今季のBリーグ、盛り上がりはどうだった? 令和を代表する競技へ、バスケ界の挑戦

大島和人

シーズン序盤の集客は苦戦

アルバルク東京の2連覇で幕を閉じた3季目のBリーグ。盛り上がりはどうだったのだろうか 【(C)B.LEAGUE】

 3季目のBリーグはアルバルク東京の2連覇で幕を閉じた。5月11日に横浜アリーナで開催されたチャンピオンシップファイナルの観客数は12972名。アルバルク東京は千葉ジェッツを71−67で下し、「令和初の王者」となっている。

「Bリーグは盛り上がっているのか?」と疑っている人がいても、ファイナルを見ればスッキリしただろう。応援への参加、プレーへの反応といった熱の高まりも見逃せない。特にアルバルク東京ファンの声量は、Bリーグ開幕当初に比べて段違いのレベルだ。

 しかしこの2018−19シーズンを、バスケ関係者は危機感とともに迎えていた。スタートダッシュも成功とは言い難い状況だった。Bリーグの増田匡彦PRグループシニアマネージャーは振り返る。

「勝負の年だと思ってシーズンに入りました。今はバスケットが盛り上がっていると感じている方も多いと思います。しかし、開幕前は正直『苦しいシーズンになる』という印象もありました」

 実際にB1は第2節から平均2千人台の集客が続いた。今季は代表の強化日程増加などが影響し、レギュラーシーズンのスケジュールが過密になった。60試合中12試合が水曜日開催となったが、平日は土日に比べて集客が15%程度のマイナスとなる。

 さらに琉球ゴールデンキングス、栃木ブレックスなどの人気クラブはアリーナの収容人員が限界に達していた。つまり増やしたくても増やせない状況だ。

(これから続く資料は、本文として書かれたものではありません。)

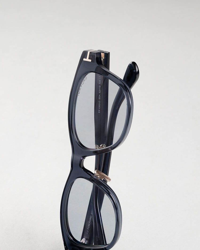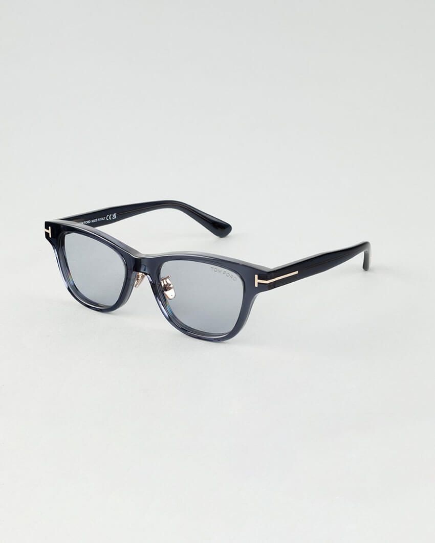 フレームの素材には、イタリアはマツケリー社のアセテートから、ネイビーモノカラーをセレクト。クラシックな表情とシックかつ新しさを感じるカラーがセンス良く同居した傑作だ。6万8200円/トム フォード アイウェア(ポーカーフェイス https://store.pokerface-web.com/Page/Feature/tfe.aspx)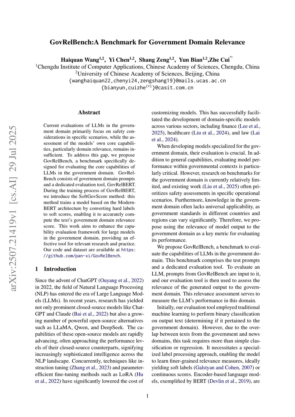 Current evaluations of LLMs in the government domain primarily focus on safety considerations in specific scenarios, while the assessment of the models' own core capabilities, particularly domain relevance, remains insufficient. To address this gap, we propose GovRelBench, a benchmark specifically designed for evaluating the core capabilities of LLMs in the government domain. GovRelBench consists of government domain prompts and a dedicated evaluation tool, GovRelBERT. During the training process of GovRelBERT, we introduce the SoftGovScore method: this method trains a model based on the ModernBERT architecture by converting hard labels to soft scores, enabling it to accurately compute the text's government domain relevance score. This work aims to enhance the capability evaluation framework for large models in the government domain, providing an effective tool for relevant research and practice. Our code and dataset are available atthis https URL.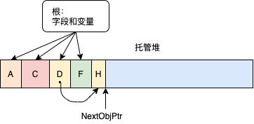 图 21-1 展示了包含三个对象(A,B 和 C)的一个托管堆。如果要分配新对象,它将放在NextObjPtr 指针指向的位置(紧接在对象 C 后)。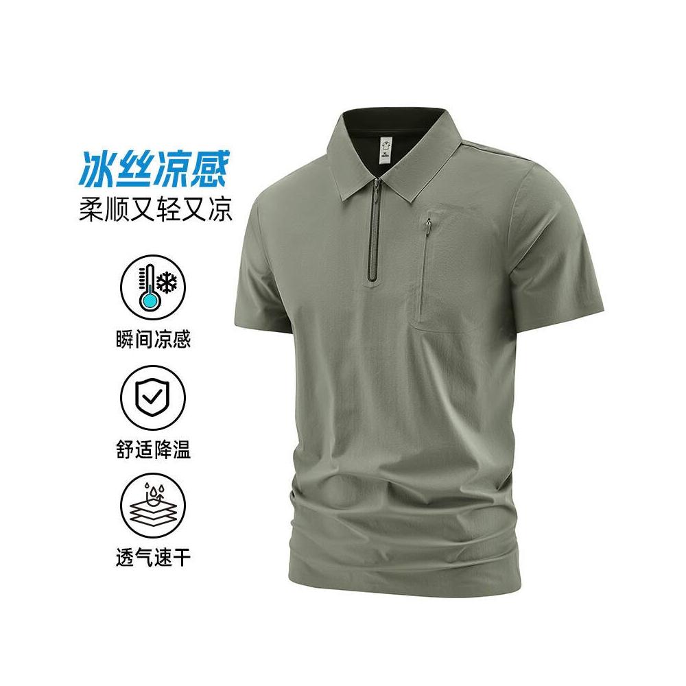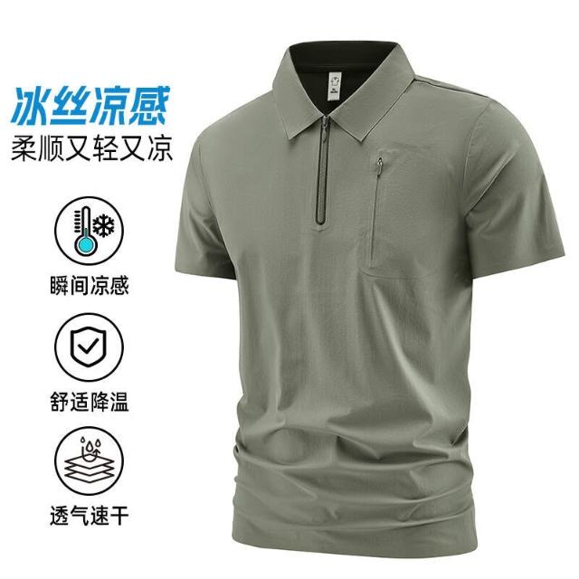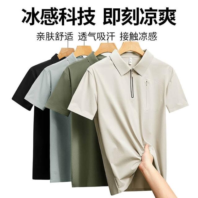 上衣男polo衫運動上衣冰絲涼感短袖夏季寬鬆透氣大尺碼吸濕排汗休閒商務工作寬鬆翻領上衣POLO衫男士薄上衣襯衫領男裝口袋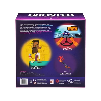 You’ve come to an untimely end, been offed, put to rest, kicked the bucket, fatally finished. You’ve been GHOSTED! Your restless spirit won’t be calm until you solve your own demise from the great beyond. Identify which suspect had it in for you, what wacky weapon they used, and why they wanted you out of the picture. Be the first to figure it out in this spirited game of Boo-Dunnit!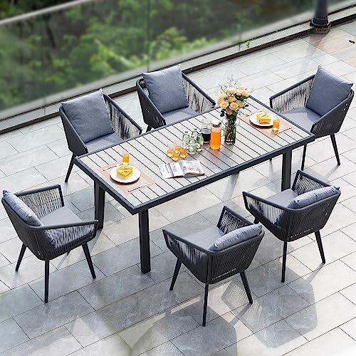 Designed for relaxation, the high back and spacious seating of these chairs contribute to a comfortable dining experience, elevating the enjoyment of outdoor meals. The Textilene fabric provides ventilation and a quick-dry feature, perfect for summer days. However, it’s essential to consider the weight capacity, as while each chair supports up to 300 lbs, the larger table creates the potential for uneven weight distribution when fully extended. this set serves as an excellent choice for anyone looking to enhance their outdoor dining area with style and functionality.

 加えて3季目になればリーグの新鮮さが薄れる。お祭り的だったノリも「日常」に移っていく。Bリーグとよく重ねられるJリーグは、3季目で集客に苦戦した。Jリーグは1993年の開幕シーズンに17976人、2季目も19598人の平均観客数を記録している。しかし3季目の95年は16922人となり、以後しばらく減少トレンドに陥った。

「日本代表ブースト」で盛り返す

W杯出場を決め、チームメートとハイタッチするニック・ファジーカス(右)。日本代表の盛り上がりは、Bリーグ観客動員数にも好影響を及ぼした 【写真は共同】

 ただし3季目のBリーグは最終的に盛り返した。B1の1試合平均は3078人で、これは昨対比106%の実績だ。特に川崎ブレイブサンダース、アルバルク東京、三遠ネオフェニックス、富山グラウジーズの伸びが全体を底上げした。3千人を超したクラブも1季目の「6」、2季目の「8」から「10」と増えている。

 チャンピオンシップはファイナルが中立地開催で、他のカードは上位クラブのホームアリーナで開催される。今回はクォーターファイナルからの計15試合がすべて完売。昨季は満員とならないカードが3試合あったことを考えれば、ポストシーズンの盛り上がりは昨季以上だった。一部でアウェーのファンに対する販売方法が議論になったのも、需要が供給を上回ったからだ。

 第3戦は第2戦終了まで開催が確定せず、チケットを売りにくい。施設のキャンセル料など、リスクの大きさも以前は危惧されていた。しかし琉球ゴールデンキングスが主催した第3戦は、平日を含めて2試合とも完売している。

 終盤戦、チャンピオンシップの好調な集客には理由がある。最大の背景は「日本代表ブースト」だ。男子日本代表は2月24日、ワールドカップ2019 アジア地区2次予選のカタール戦に勝利し、本大会出場を決めた。3月31日(日本時間)には国際バスケットボール連盟(FIBA)のセントラルボードで、2020年東京五輪の開催国枠獲得も決まった。

 W杯出場が決まった直後の第25節は、平均3615名と来場者が増加。そこからB1の観客数は水曜開催で平均2918人だった第32節を除き、3千人台を一度も割らなかった。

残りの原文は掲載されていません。